#### What to do
Retype the listing below line for line, but only from the line with "近日,南华县人社局党组书记、" down to the line with "Below is an", inclusive. Pictures stay out.

#### Records to process
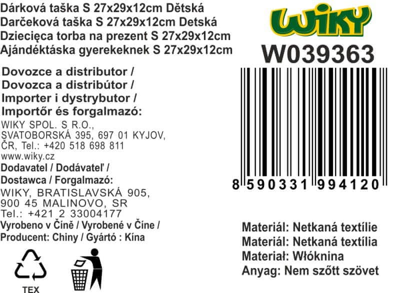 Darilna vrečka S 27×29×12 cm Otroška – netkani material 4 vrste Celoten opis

---

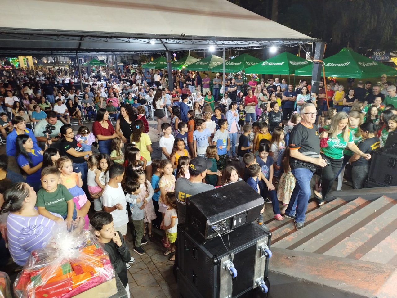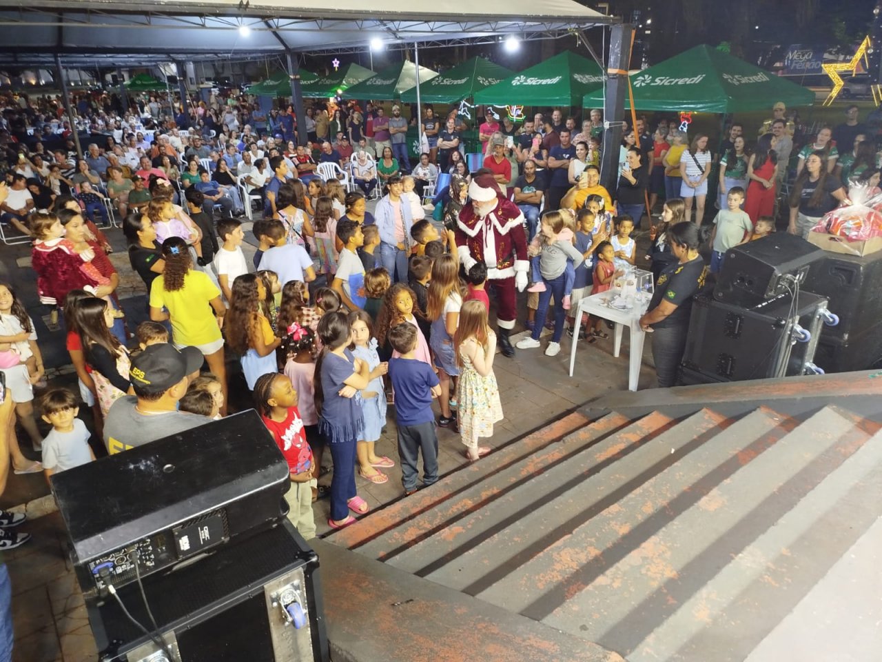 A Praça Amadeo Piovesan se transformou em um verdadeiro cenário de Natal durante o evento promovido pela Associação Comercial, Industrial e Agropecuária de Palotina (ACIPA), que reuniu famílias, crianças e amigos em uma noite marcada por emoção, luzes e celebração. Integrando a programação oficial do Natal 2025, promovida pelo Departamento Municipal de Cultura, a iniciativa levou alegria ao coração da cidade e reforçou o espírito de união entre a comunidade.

* * *

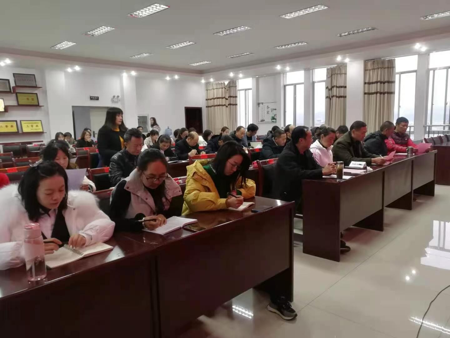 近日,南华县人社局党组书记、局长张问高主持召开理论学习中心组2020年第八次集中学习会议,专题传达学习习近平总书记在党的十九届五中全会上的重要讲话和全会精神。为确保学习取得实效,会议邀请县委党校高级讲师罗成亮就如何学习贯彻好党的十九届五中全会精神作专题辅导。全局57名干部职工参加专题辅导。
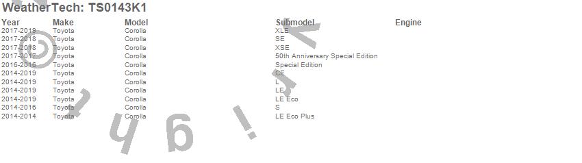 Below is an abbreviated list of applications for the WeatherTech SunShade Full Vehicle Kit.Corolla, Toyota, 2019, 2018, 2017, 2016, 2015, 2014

#### Answer to this problem
 近日,南华县人社局党组书记、局长张问高主持召开理论学习中心组2020年第八次集中学习会议,专题传达学习习近平总书记在党的十九届五中全会上的重要讲话和全会精神。为确保学习取得实效,会议邀请县委党校高级讲师罗成亮就如何学习贯彻好党的十九届五中全会精神作专题辅导。全局57名干部职工参加专题辅导。
 Below is an abbreviated list of applications for the WeatherTech SunShade Full Vehicle Kit.Corolla, Toyota, 2019, 2018, 2017, 2016, 2015, 2014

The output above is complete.